1.1. Related work Data preprocessing transforms the data into a format that can be more easily and effectively processed for the purpose of the users. It is commonly used as a preliminary data mining practice. There are a number of data preprocessing techniques [18, 5] including data cleaning, data integration, data transformation and data reduction. These data processing techniques can substantially improve the overall quality of the patterns mined and/or the time required for the actual mining [13]. Cluster analysis is used to identify homogeneous and well-separated groups of objects in databases. The basic steps in the development of a clustering process can be summarized as [7] feature selection, application of a clustering algorithm, validation of results, and interpretation of the results. Among these steps, the clustering algorithm is especially critical, and many methods have been proposed in the literature for this step. Existing clustering algorithms can be broadly classified into four types [12]: partitioning [11, 15, 17], hierarchical [24, 8, 9], grid-based [23, 21, 2], and density-based [6, 10, 3] algorithms. One of the most common problems of existing algorithms is rapid degeneration of performance with increasing dimensions [10], particularly with approaches originally designed for lowdimensional data.

- 86 -

International Journal of Intelligent Information Processing Volume 1, Number 2, December 2010

It is well acknowledged that in the real world a large proportion of data has irrelevant features which may cause a reduction in the accuracy of some algorithms. One of the well-known techniques for improving the data analysis performance is the method of dimension reduction [2, 1, 20] in which data are transformed to a lower dimensional space while preserving the major information it carries, so that further processing can be simplified without compromising the quality of the final results. There are several different ways in which the dimensions of a problem can be reduced. One approach uses the optimal selection of a subset of attributes of existing dimensions (attributes). Another kind of commonly used approaches is projection methods in which the new projected dimensions are linear or un-linear combination of old dimensions. A popular approach is to use principal component analysis (PCA) through singular value decomposition (SVD) [14] for numerical attributes which defines new attributes (principal components or PCs) as mutually-orthogonal linear combinations of the original attributes.

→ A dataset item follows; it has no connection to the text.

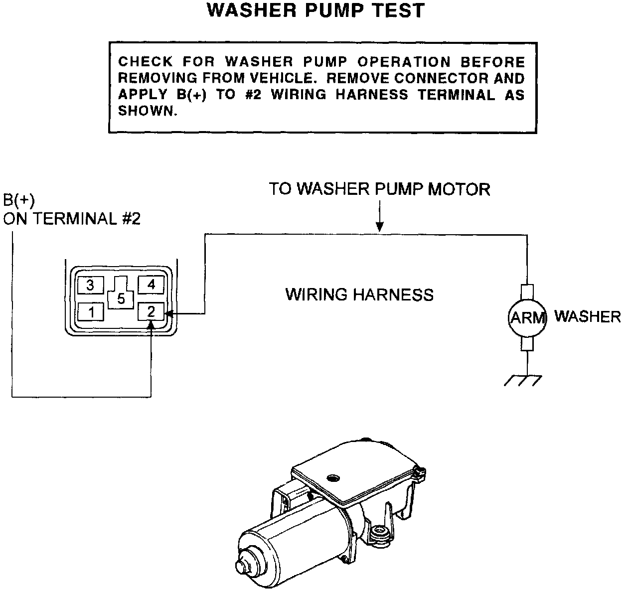 2. If motor runs and pumps solvent, problem is in circuit board, motor park switch, or wiper switch. Refer to Wiper/Washer Switch Tests.

1.2. Data shrinking In this subsection, we will briefly introduce our previous work on the shrinking approach [22]. Shrinking is a data preprocessing approach that optimizes the inner structure of data by moving each data point along the direction in which way it is most strongly attracted by other data points. In the previous work [22], we proposed a shrinking-based approach for multi-dimensional data analysis which consists of three steps: data shrinking, cluster detection, and cluster evaluation and selection. This approach is based on grid separation of the data space. Since grid-based clustering approaches depend on the proper selection of grid-cell size, we used a technique called density span generation to select a sequence of grids of different cell sizes and perform the data-shrinking and cluster-detection steps based on these suitable grids. In the data-shrinking step, each data point moves along the direction of the density gradient and the data set shrinks toward the inside of the clusters. The neighboring relationship of the points in the data set is grid-based. The data space is first subdivided into grid cells. Data points in sparse cells are considered to be noise or outliers and will be ignored in the data-shrinking process. Data-shrinking proceeds iteratively; in each iteration, we treat the points in each cell as a rigid body which is pulled as a unit toward the data centroid of those surrounding cells which have more points. Therefore, all points in a single cell participate in the same movement. Following the data-shrinking step, the cluster-detection step is performed in which neighboring dense cells are connected and a neighboring graph of the dense cells is constructed. A breadth-first search algorithm is applied to find connected components (clusters) of the neighboring graph. The clusters detected at multiple grid scales are compared by a cluster-wise evaluation measurement. Internal connecting distance (ICD) and external connecting distance (ECD) are defined to measure the closeness of the internal and external relationships, respectively. Compactness is then defined as the ratio of the external connecting distance over the internal connecting distance, and it is used to evaluate clusters detected at different scales and then select the best clusters as the final result.

1.3. Proposed approach In this paper, we propose a shrinking-based dimension reduction approach for multi-dimensional data analysis to address the inadequacies of current clustering algorithms in handling multidimensional data. It tends to solve the dimension reduction problem from a new perspective. In the proposed algorithm, data points are moved along the direction of the density gradient simulating the Newton’s Universal Law of Gravitation, leading to clusters which are condensed and widely-separated. This process is grid-based. Instead of choosing a grid with a fixed cell size, we use a sequence of grids of different cell sizes to perform our algorithm. In the proposed algorithm, data points are moved along the direction of the density gradient simulating the Newton’s Universal Law of Gravitation, leading to clusters which are condensed and widely-separated. This process is grid-based. Instead of choosing a grid with a fixed cell size, we use a sequence of grids of different cell sizes to perform our algorithm. Dimension reduction process is performed based on the difference of the data distribution projected on each dimension through data-shrinking process. For those dimensions which make large

- 87 -

A Dimension Reduction Approach Using Shrinking for Multi-Dimensional Data Analysis Yong Shi

contribution to the good results of data analysis (practically clustering process here), the alterations of the histogram variance of them through the data-shrinking process are significant. By evaluating the ratio of the histogram variances through data-shrinking process, good dimension candidates for further data analysis steps (e.g., clustering algorithms) can be picked out efficiently, and unqualified ones are discarded. It can improve the clustering results of existing clustering algorithms. We will demonstrate how the dimension reduction process will improve the performance of existing clustering algorithms in the experimental part. The remainder of this paper is organized as follows. Section 2 discusses the details of dimension reduction process. Section 3 presents experimental results, and concluding remarks are offered in Section 4.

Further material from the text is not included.